Я собираюсь покинуть место наблюдения, как откуда-то сбоку  появляются двое — парень и девушка. Парень, в пиджаке, джинсах, с сумкой  через плечо, спешит к остановке, перемахивая через лужи. Девушка, в  лёгком светлом платье, обхватив руками плечи, тянется за ним. Я вижу её  мокрые, скрученные в завитушки волосы, жалкую чёлку, закрывающую лоб.

Парень прячется под прозрачным куполом. Следом подходит девушка,  садится на узкую скамейку. Друг с другом не говорят. Неужели незнакомы?  Непохоже. Он стоит, отвернувшись в темноту соседней улицы. Она  неподвижно сидит, глядя прямо перед собой.
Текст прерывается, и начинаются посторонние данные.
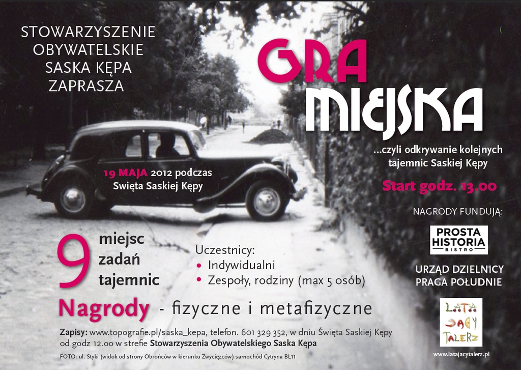 Stowarzyszenie Obywatelskie Saska Kępa podczas Święta Saskiej Kępy organizuje GRĘ MIEJSKĄ.
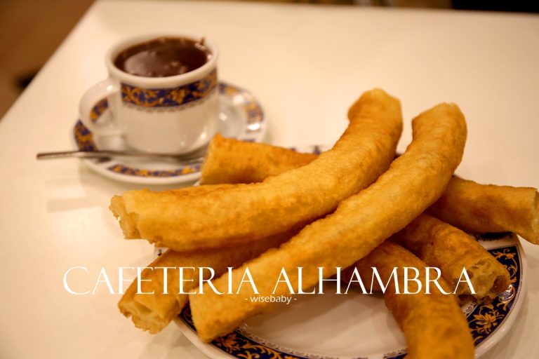 位於格拉納達市中心Bib-Rambla比布蘭布拉廣場旁的Cafetería Alhambra西班牙油條店,在Google Map擁有五千多則評論4分的高分!主要販售Porras粗油條,也有提供前菜、湯品、肉魚海鮮、PIZZA和PASTA等餐點,可以說是格拉納達最好吃的西班牙油條店,是來到格拉納達必吃的美食推薦;另外我在西班牙總共吃了3間西班牙油條店大評比,有來西班牙一定要來嘗試看看!

В конце концов, он выходит  под дождь и начинает «голосовать» (я успеваю заметить короткие взгляды в  её сторону). Останавливается забрызганная иномарка с шашечками. Парень  ныряет на переднее сиденье и что-то кричит ей из машины. Вопрос?  Прощание? Она не реагирует. Хлопает дверь, машина срывается с места,  окатывая тротуар мутной волной.

Я в замешательстве: такой странный, нерадостный финал...

Девушка какое-то время сидит, опустив голову и обхватив плечи.  Потом ставит ноги на скамейку, натягивает край платья на колени и  обвивает их руками. Волосы растеклись по плечам, и плечи, как мне  кажется, чуть подрагивают. От холода? От плача? Или это воображение?

Я решаю действовать: надо взять зонт, какой-нибудь свитер, вызвать ей такси...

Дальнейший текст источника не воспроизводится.